Abadías ganaba un concurso de redacción, una Caja de ahorros le premiaba con un diccionario de la Real Academia Española. La hermana de Abadías le hizo una mamada a su otro hermano mayor a cambio del dinero para un concierto. El diccionario que de verdad valía era el de la Real Academia; Abadías, si lo deseaba, ya podía ser escritor. El encuadernado de piel de los dos volúmenes de la obra se recalentaba bajo la lámpara del flexo. Abadías ya no volvía a ganar ningún concurso.
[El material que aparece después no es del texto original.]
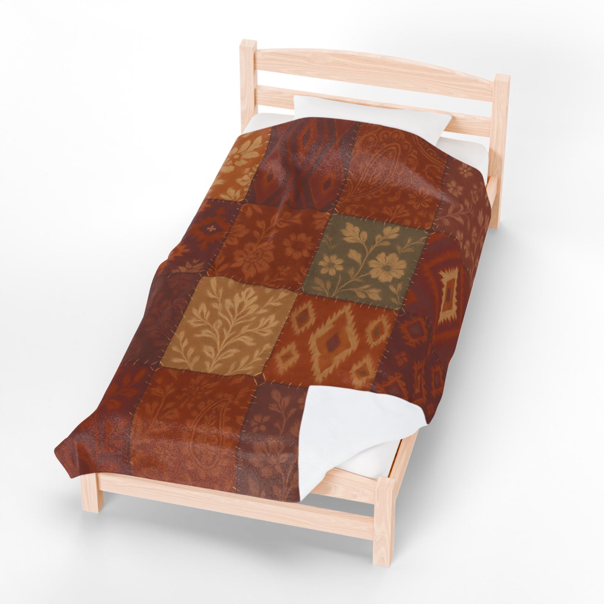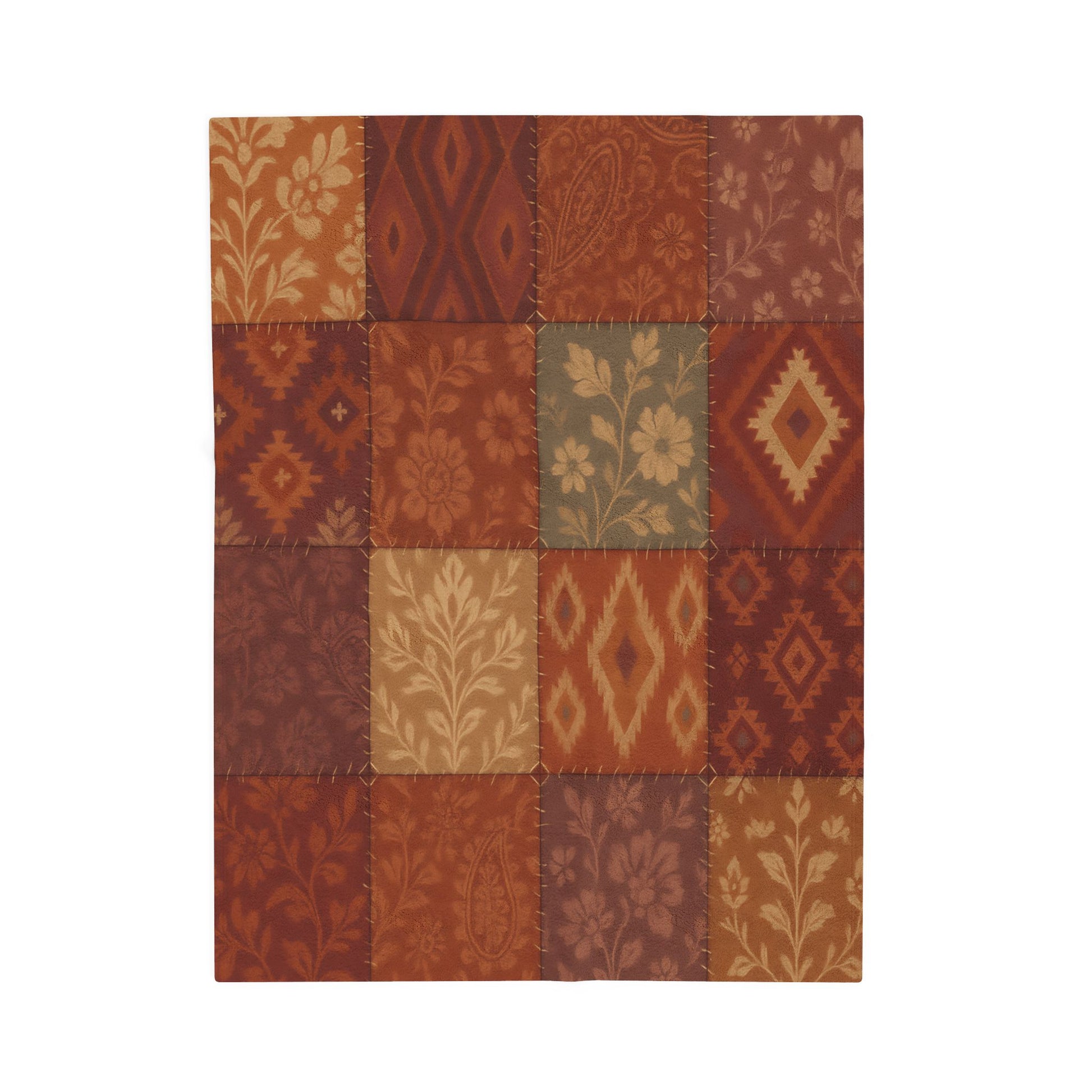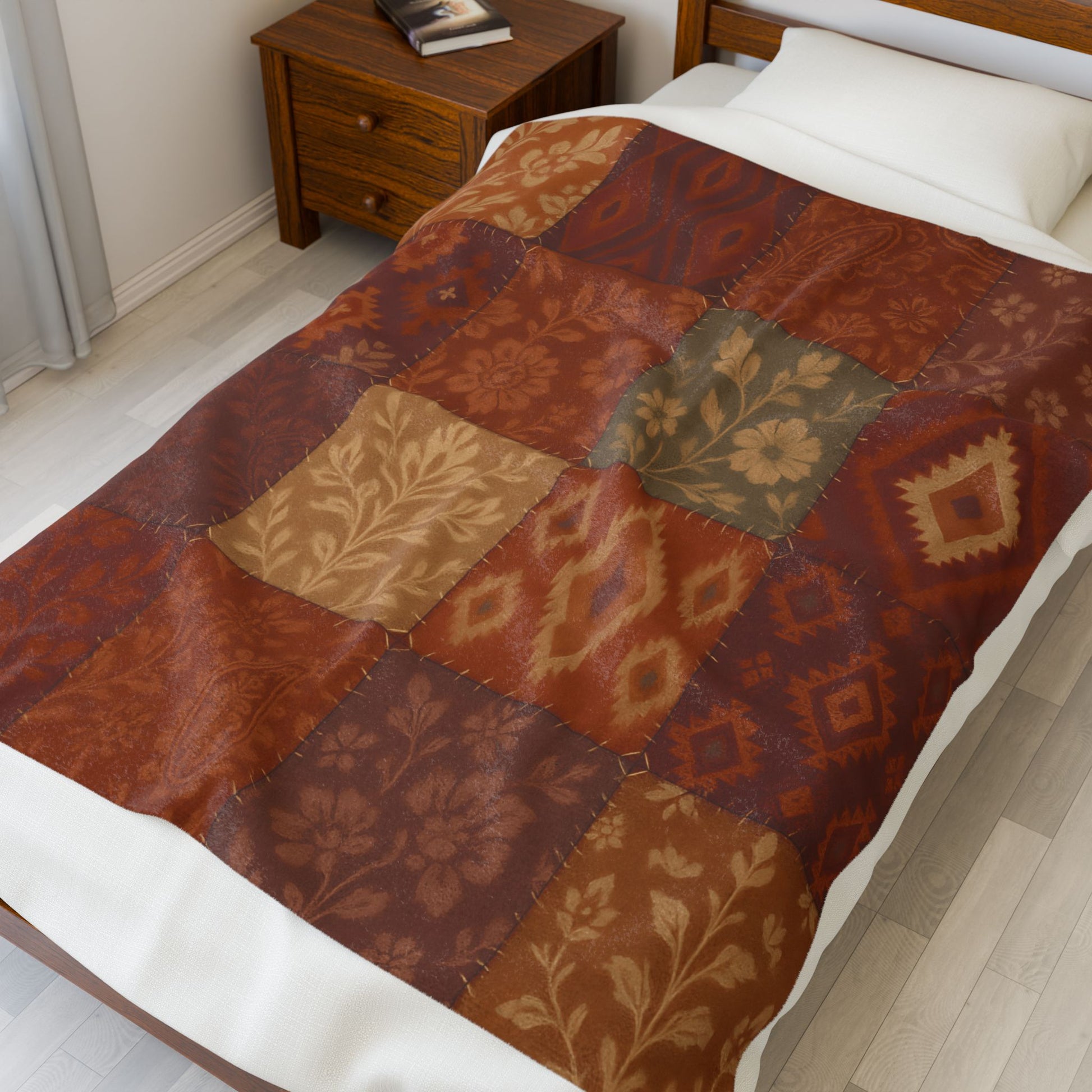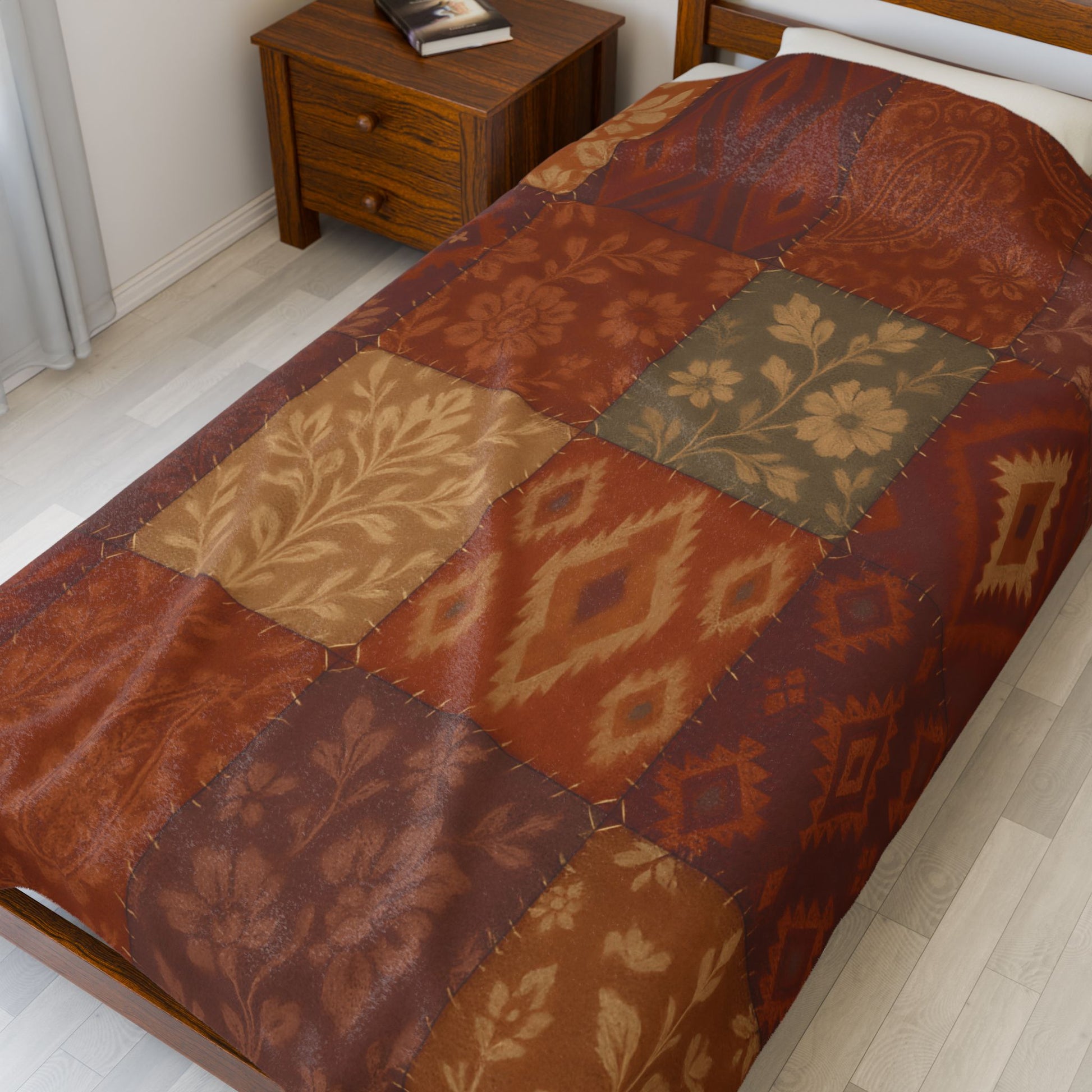 Featuring a rich mix of terracotta, clay, golden ochre, and earthy patterns inspired by vintage textiles and tribal motifs, this adult-sized blanket brings instant warmth and style to any living space.

Durante las fiestas de San Lorenzo, apretados entre siete u ocho amigos más, acertamos luego en la diana de la feria con premio de fotografía instantánea.

 

Mi hermano y yo nos avisábamos a voces, si uno de los dos no estaba frente al televisor, cuando en la pantalla llegaba el momento de acción de la película, la secuencia bélica o de catástrofe, o cuando en el programa de conducción sobre carretera, “La segunda oportunidad”, hacían caer un coche barranco abajo antes de los consejos y las advertencias. De ese acudir corriendo hacia la televisión, del frenarnos con las manos en la curva del pasillo, fuimos dejando mi hermano y yo una huella negra sobre el empapelado.